Lawmakers are feeling excluded
They want role in policy groups set up by governor
Worried that freshman Gov. Jon Huntsman Jr. is forming a plethora of study groups that could exclude lawmakers, GOP legislative leaders are asking that their branch of government get in on the ground floor of the new policy panels.
While Huntsman has invited a number of legislators onto what's called his "working groups," who gets invited or who gets to pick who gets invited follows no stated formula.
The result is a membership hodge-podge counter to efforts at least in the 75-member House "to affect (state) policy" during its most formative stages via the working groups.

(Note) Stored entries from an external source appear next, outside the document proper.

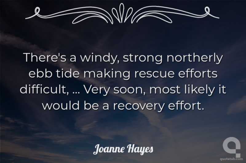 There's a windy, strong northerly ebb tide making rescue efforts difficult, ... Very soon, most likely it would be a recovery effort. Joanne Hayes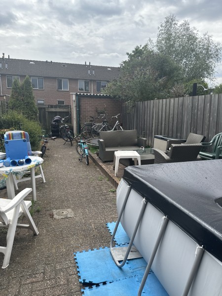 Met een achtertuin en voortuin Heel goed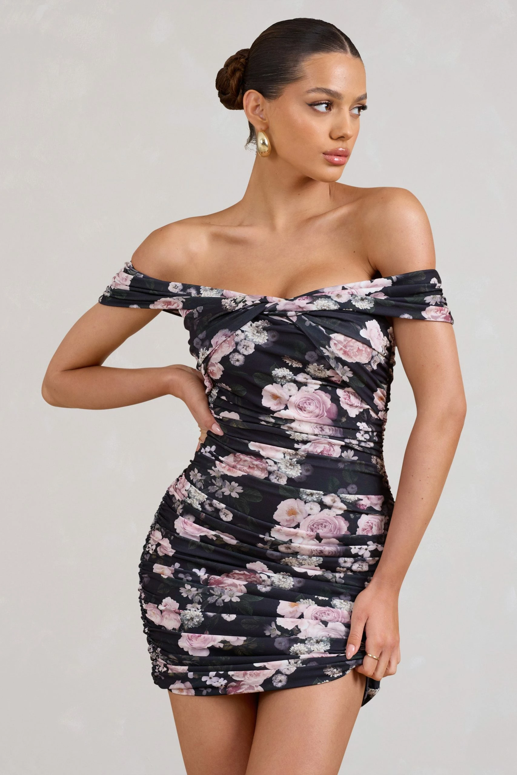 Despite this dress’ sharp name, it prefers to softly sculpt your figure in a fully-ruched black floral jersey. Thorn is defined by a twisted Bardot neckline and a flattering bodycon fit. Pair this floral mini dress with small gold hoops for an effortless invite-ready outfit.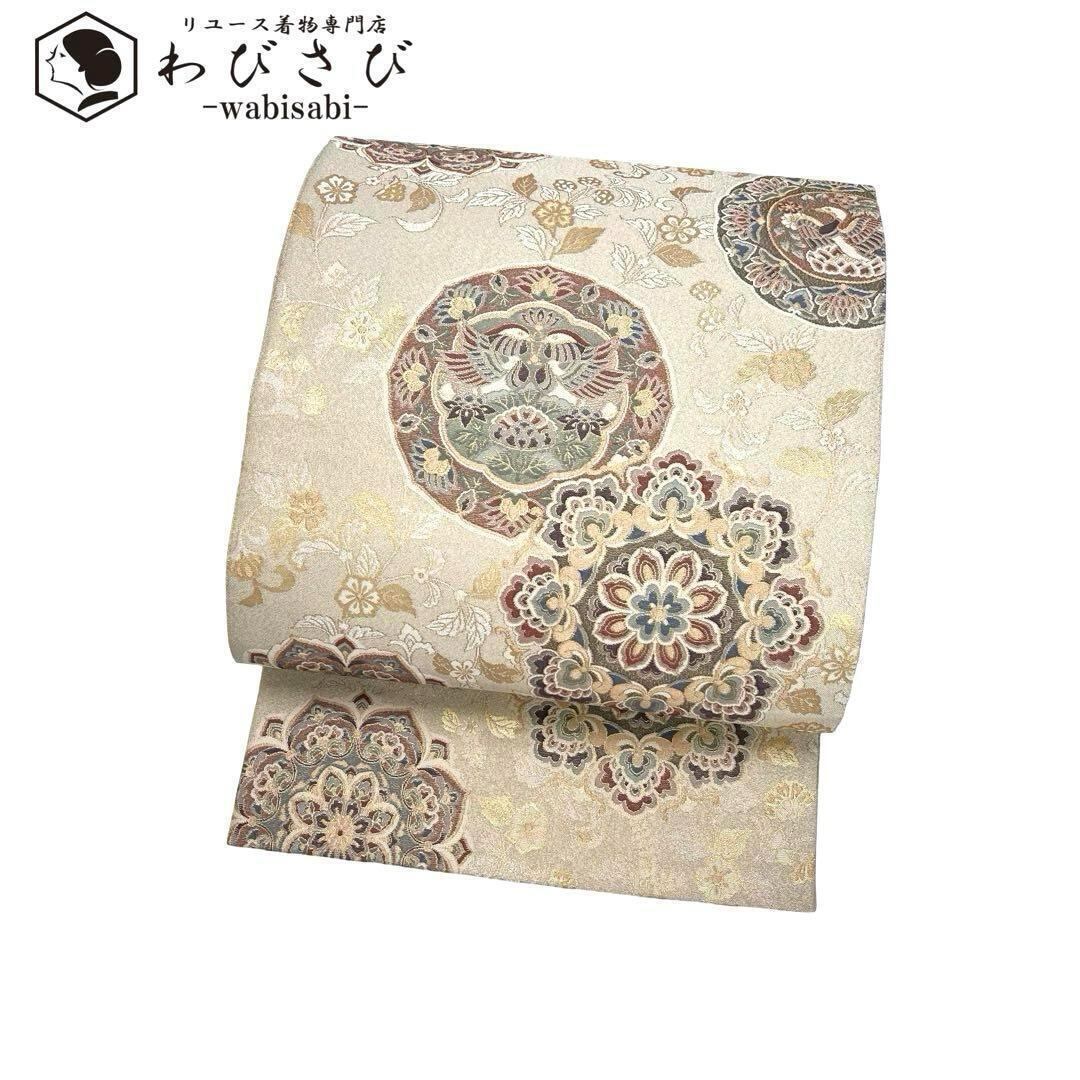 袋帯 明つづれ 華文更紗文 綴れ織 亜麻色 金糸 O-3860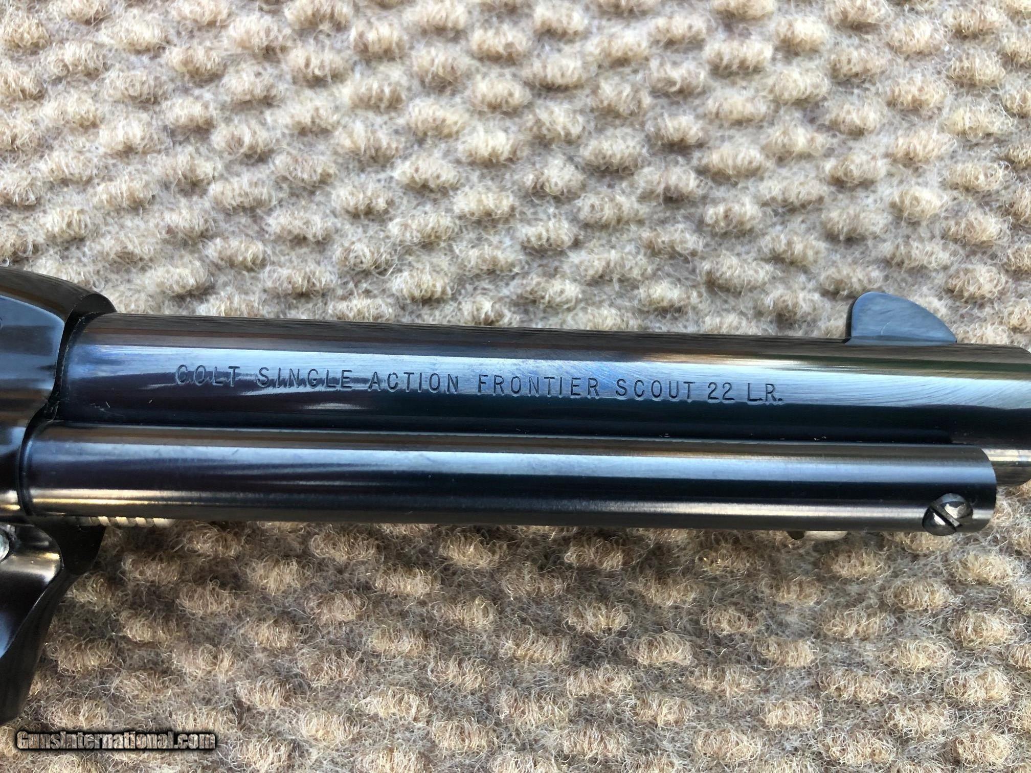 Description: SOLD PENDING RECEIPT OF FUNDS. As new in Colt Presentaion Box. Never fired and no turn marks on cylinder. I've done my best to show any flaws that might exist in photos. Serial # 1719DJ. Contact me with any questions. $35 ground shipping from my FFL to your FFL in lower 48 only. 3 day no fire inspection period offered to Buyer. SOLD Handgun Caliber: .22 Long Rifle Manufacturer: Colt Model: Frontier Scout Condition: As New in Box Metal Condition: Excellent |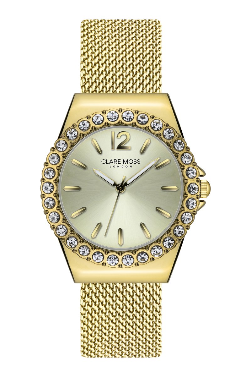 Reloj de cuarzo de acero y circones Kensington - Dorado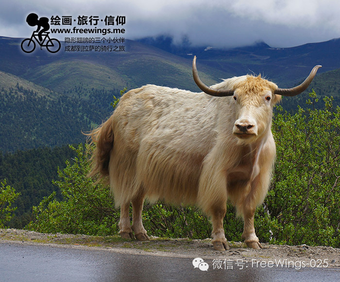 鲁朗到八一的路上,碰到一只大白牦牛,炯炯有神的看着我们。
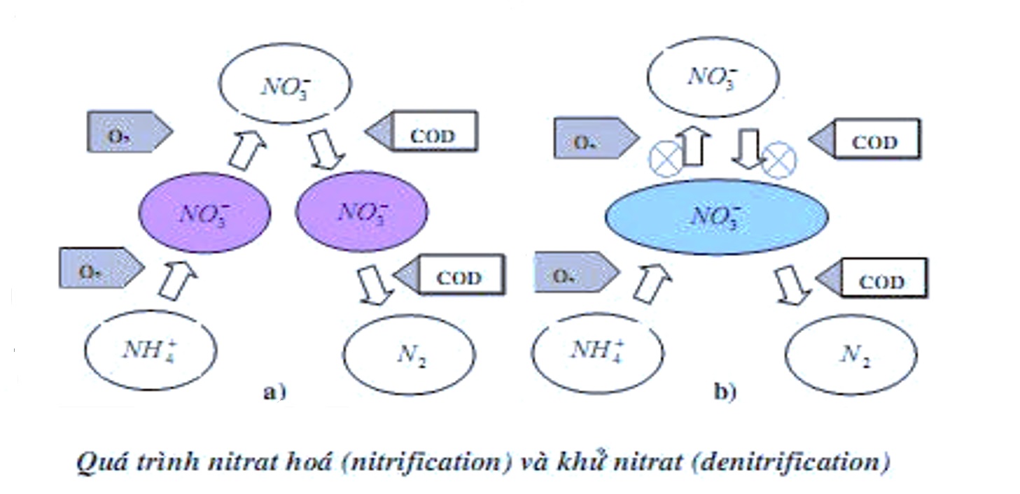 – Amoniac nitơ trong nước thải được chuyển thành nitơ oxy hóa (NO2-N và NO3-N) trong điều kiện hiếu khí trong buồng hiếu khí do tác động của vi khuẩn nitrat. Sau đó, quá trình nitrat hóa lỏng có chứa nitơ oxy hóa được chuyển vào ngăn đầu tiên của buồng lọc kỵ khí bằng một máy bơm chìm. Trong buồng lọc kỵ khí Nitơ oxy hóa bị phá vỡ do vi khuẩn khử nitơ và thải ra không khí nitơ tự do.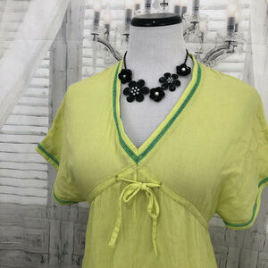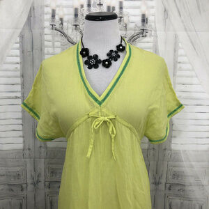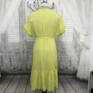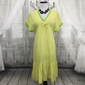 Roberta Freymann Yellow Green V Neck Cotton Dress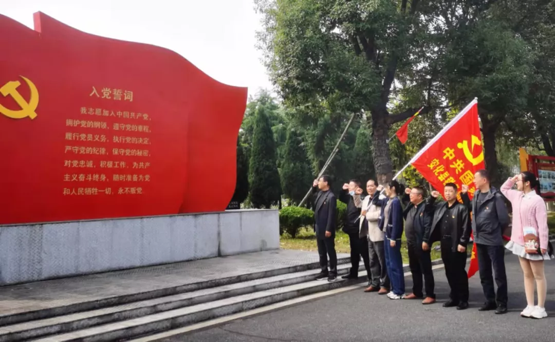 在南县厂窖惨案纪念馆前门鲜红的党旗面前,全体党员肃立,庄严举起右拳,在梅城分局支部书记熊景红的带领下重温了入党誓词,铿锵的誓言震撼着在场的每位党员,使党员们再一次接受了心灵的洗礼,进一步坚定了理想信念和政治立场。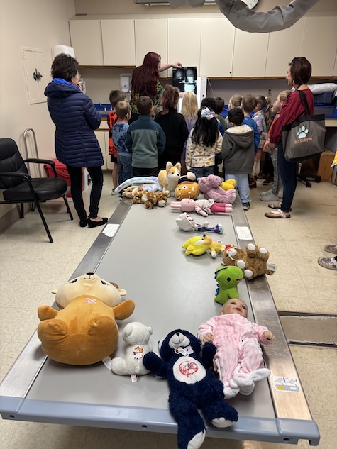 The kindergartners left their stuffed animals on the X-Ray table. Chutko showed students how that table goes up and down at the flip of a switch.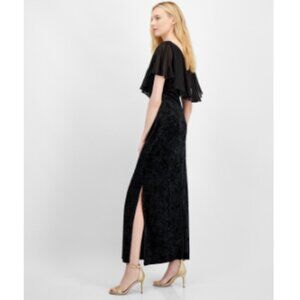 Make it a special night in a spectacular dress from Connected. This floor-length style features velvet fabric and a semi-sheer capelet ruffle. open box NWT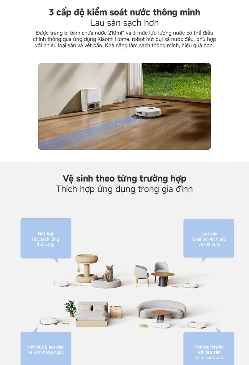 Việc điều chỉnh lượng nước đầu ra có thể thực hiện dễ dàng qua ứng dụng Xiaomi Home cho phép bạn lựa chọn mức nước phù hợp cho từng khu vực. Các chế độ nước này bao gồm mức nước thấp, trung bình và cao, phù hợp với nhiều loại sàn khác nhau như gỗ, gạch men, hay thảm.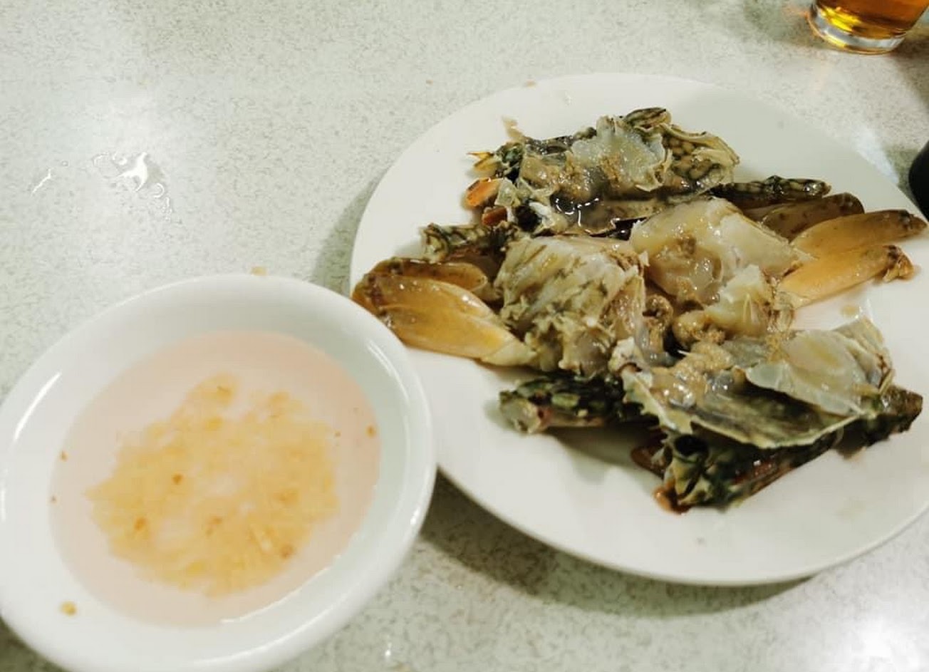 嗆蟹,講實話是我今天的重點,這間的做法比較像是門閩式生醃螃蟹蟹肉,因為蟹肉呈現半透明,上桌時是冷凍退冰的做法,蟹肉味道香甜可口,可以用吸的,而沾醬也是醋與姜蒜沫非常的簡單,把蟹肉完全浸泡在醬汁中再慢慢吸吮,真的越吃越爽口,不過建議要快點享用才能享受到真正的美味,不過真的好可惜,我們的這支沒有膏啊,哈,這樣代表還要再來試一次囉。

The number of working groups springing up is making some legislators wonder who is in control.
House Speaker Greg Curtis, R-Sandy, told a recent meeting of his 56-member Republican caucus one reason he's hired a chief of staff to coordinate and work on policy development a new position for the House is to keep tabs on the working groups. The concept might have gotten off on the wrong foot with legislators. Huntsman referred to his study panels as "task forces" until legislative leadership pointed out that both history and state code consider a task force to be an agent of the Legislature only, with its own budget and incorporated into law for a specified purpose and for a specified time.
Curtis worries part-time lawmakers' input will only come at the end of the process. A newly desired state department or a major new policy or initiative could be dumped on their doorsteps at the start of the 2006 Legislature and little background or time to decide the correctness of proposals from Huntman's groups.
Curtis said he's also "concerned about the appointment process" to the working groups.
He remembers an executive branch study on education by former Gov. Mike Leavitt "that wasn't controlled by those in education" or in the Legislature. It came up with recommendations to lawmakers that "we didn't support," said Curtis.
"It just hit the Legislature" and there were bad feelings, political jockeying, wasted time and effort, he recalled. "It substantially increases the odds" of final legislative approval if some lawmakers sit on such working groups early on, Curtis said.
That 2002 business/education task force ended up recommending $90 million more money for schools, which was later interpreted as a tax increase for schools, which conservatives in the Legislature neither liked nor approved.